Your objective: Please return exactly the lines from the top of the data through the line that contains "952, Mint NH", and skip all pictures.

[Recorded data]
------------

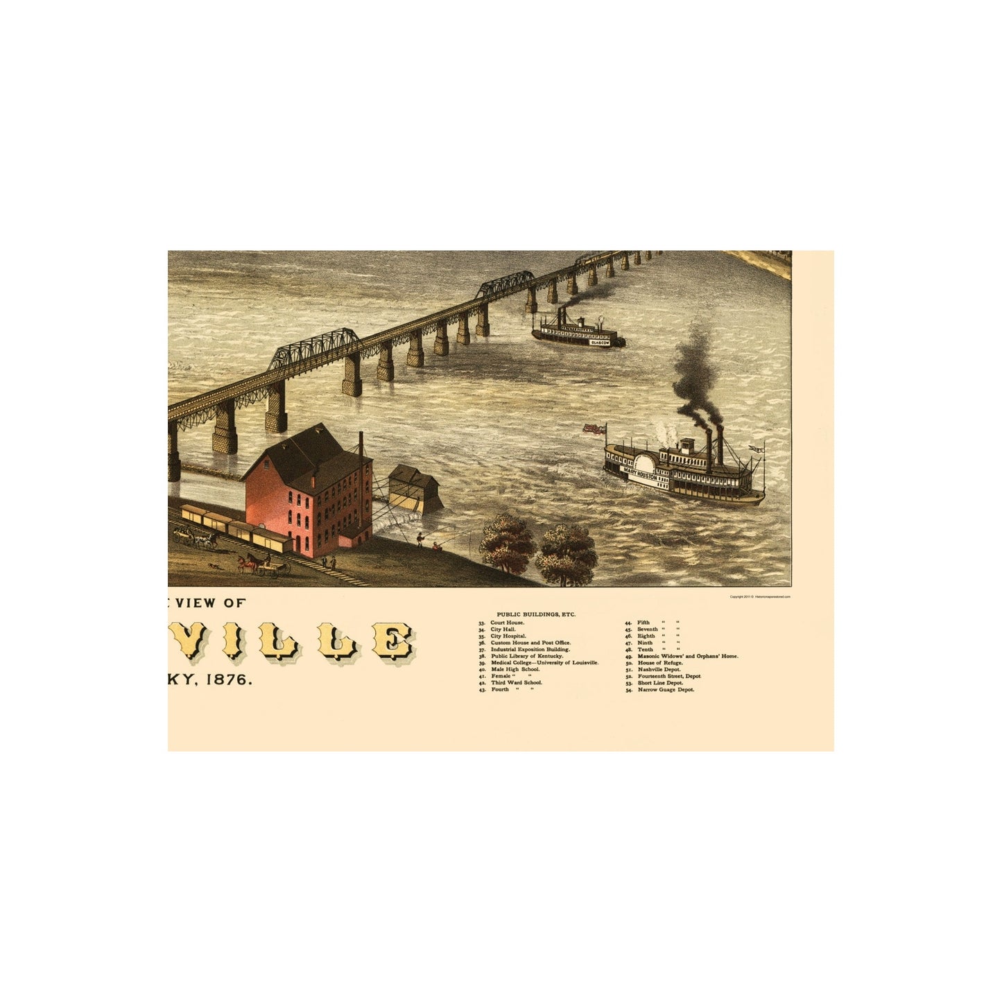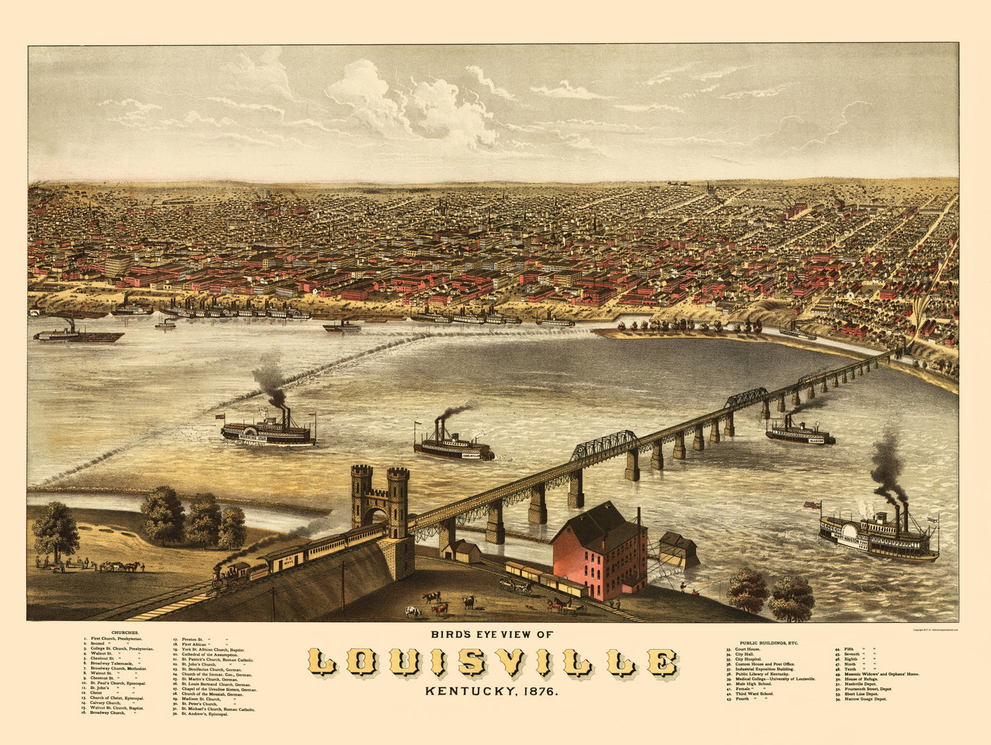 Historic Panoramic View - Louisville Kentucky - Ruger 1876 - 23 x 30.61 - Vintage Wall Art
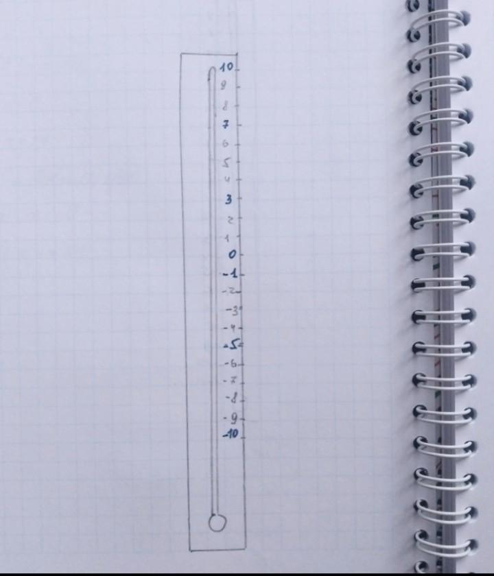 Нарисуйте термометр. Отметьте на нём следующее температуры 1) +10°C, 2)+ 7°C, 3) +3°C, 4) 0°C, 5) -1°C, 6) -5°C, 7) -10°C
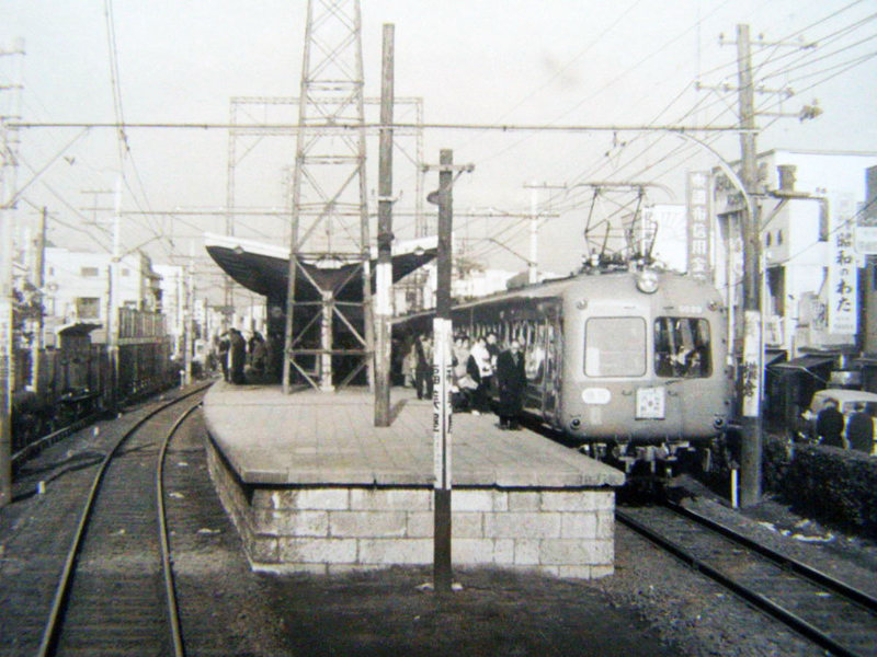 同年、1969年に下り線が高架化されるので、もしこれが桜木町行きだとしたら、高架化される直前。もし渋谷行きだとしたら、下り線はもう上の線路を通っているかもしれません。
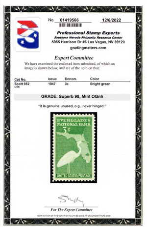 952, Mint NH 3¢ Superb With PSE Graded 98 Certificate * Stuart Katz
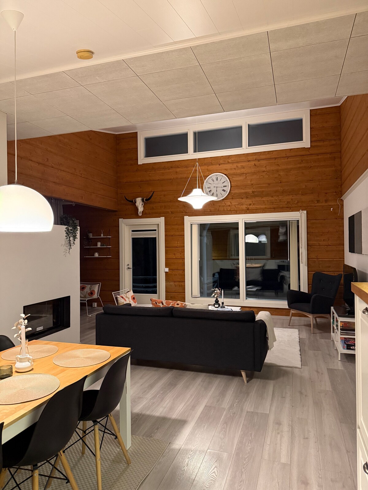 New VILLA SYÖTE! Located within walking distance of the slopes of Iso-syöte. The beds in the four bedrooms and the upstairs loft comfortably accommodate 8+2 people. The first floor of the villa has an open kitchen-living room, separate toilet, washroom, utility room, sauna and 2 bedrooms. In addition, the second floor has 2 bedrooms, a toilet and a hallway. The covered terrace has an outdoor jacuzzi. In summer, group table and gas grill. Airport: Rovaniemi 165 kilometers Oulu 154 kilometers

------------

Answer box:
 Historic Panoramic View - Louisville Kentucky - Ruger 1876 - 23 x 30.61 - Vintage Wall Art
 Нарисуйте термометр. Отметьте на нём следующее температуры 1) +10°C, 2)+ 7°C, 3) +3°C, 4) 0°C, 5) -1°C, 6) -5°C, 7) -10°C
 同年、1969年に下り線が高架化されるので、もしこれが桜木町行きだとしたら、高架化される直前。もし渋谷行きだとしたら、下り線はもう上の線路を通っているかもしれません。
 952, Mint NH 3¢ Superb With PSE Graded 98 Certificate * Stuart Katz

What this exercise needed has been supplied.